La montée en puissance fulgurante de la gestion passive a bouleversé l’architecture des marchés financiers. Encensée pour ses coûts réduits et sa simplicité, elle a fini par dépasser la gestion active aux États-Unis, redéfinissant l’allocation du capital mondial. Mais derrière cette success-story se cache une question peu explorée : cette révolution est-elle en train d’éroder silencieusement la liquidité des marchés, et donc leur efficience même ?

C’est à cette interrogation que ce mémoire s’attache, en plaçant la liquidité au cœur de l’analyse. En exploitant un panel fixe de 500 sociétés du S&P 500 sur la période 2000-2025 et en s’appuyant sur des données FactSet quotidiennes, nous avons étudié l’impact de la détention passive sur les volumes échangés, leur répartition intra-journalière, ainsi que leur résilience lors des grandes crises financières récentes (2008, 2011, 2020, 2022, 2025).

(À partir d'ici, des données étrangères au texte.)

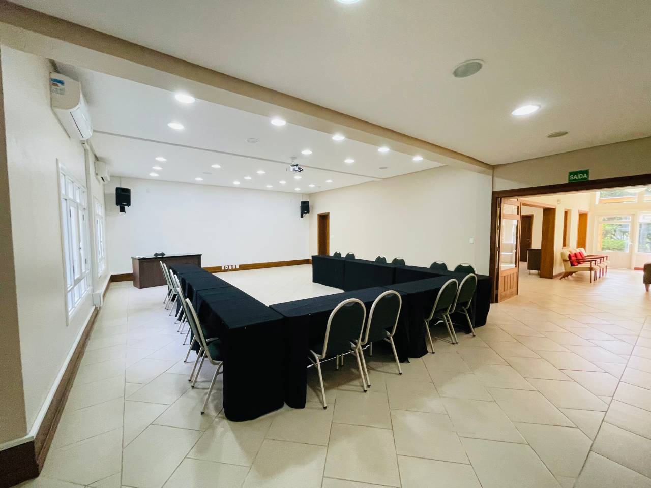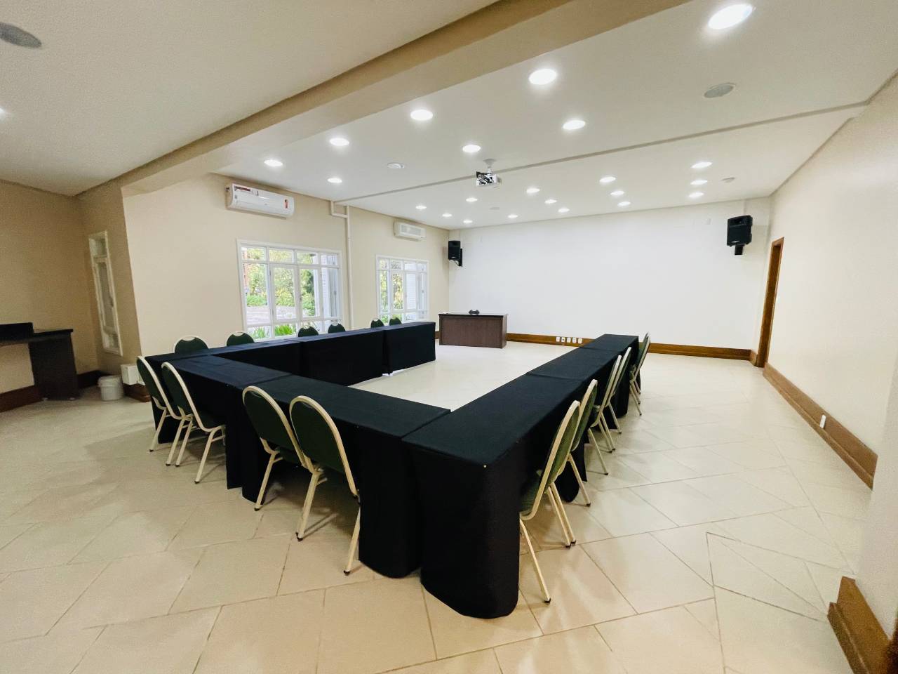 Este espaço aconchegante e funcional acomoda até 50 pessoas em formato de auditório. Conta com: Uma sala de convenções; Uma antessala; Uma sala para coffee break; Uma sala de apoio; Banheiros masculino, feminino e adaptado para pessoas com deficiência.

Les premiers résultats révèlent une réalité contre-intuitive : plus la gestion passive progresse, plus la liquidité se déplace… hors des heures officielles de marché. Si les ETF donnent une impression de fluidité permanente, ils masquent en réalité un appauvrissement des échanges intraday, pourtant cruciaux pour la découverte des prix. Lors des crises, ce déplacement s’accentue et l’on observe une persistance inquiétante de l’assèchement des volumes une fois le point bas atteint. Enfin, contrairement à ce que la littérature laissait supposer, l’inclusion d’une entreprise dans le S&P 500 n’a pas d’effet significatif sur ses volumes de transactions.

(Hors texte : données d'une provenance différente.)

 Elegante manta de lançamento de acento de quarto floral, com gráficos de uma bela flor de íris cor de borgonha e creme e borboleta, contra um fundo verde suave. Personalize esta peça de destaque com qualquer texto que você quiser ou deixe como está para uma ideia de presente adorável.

Derrière l’image rassurante d’un produit liquide et transparent, se dessine ainsi l’illusion d’une liquidité qui se concentre dans des fenêtres étroites et fragilise le marché en cas de stress. Ces résultats soulèvent une question fondamentale : que devient un marché dont la liquidité, jadis continue et diffuse, migre progressivement vers l’ombre des heures de cotation ?

Pour préserver l’efficience, nous proposons des pistes concrètes : encourager un véritable « active share » pour réhabiliter le rôle de la gestion active dans la découverte des prix, adapter les horaires de cotation afin d’éviter une congestion en fin de séance, et revaloriser la recherche actions comme maillon central de la stabilité financière.

Ce travail invite à dépasser l’opposition stérile entre actif et passif : l’enjeu n’est plus de savoir lequel l’emporte, mais comment leur coexistence peut continuer de garantir des marchés à la fois stables, liquides et efficients.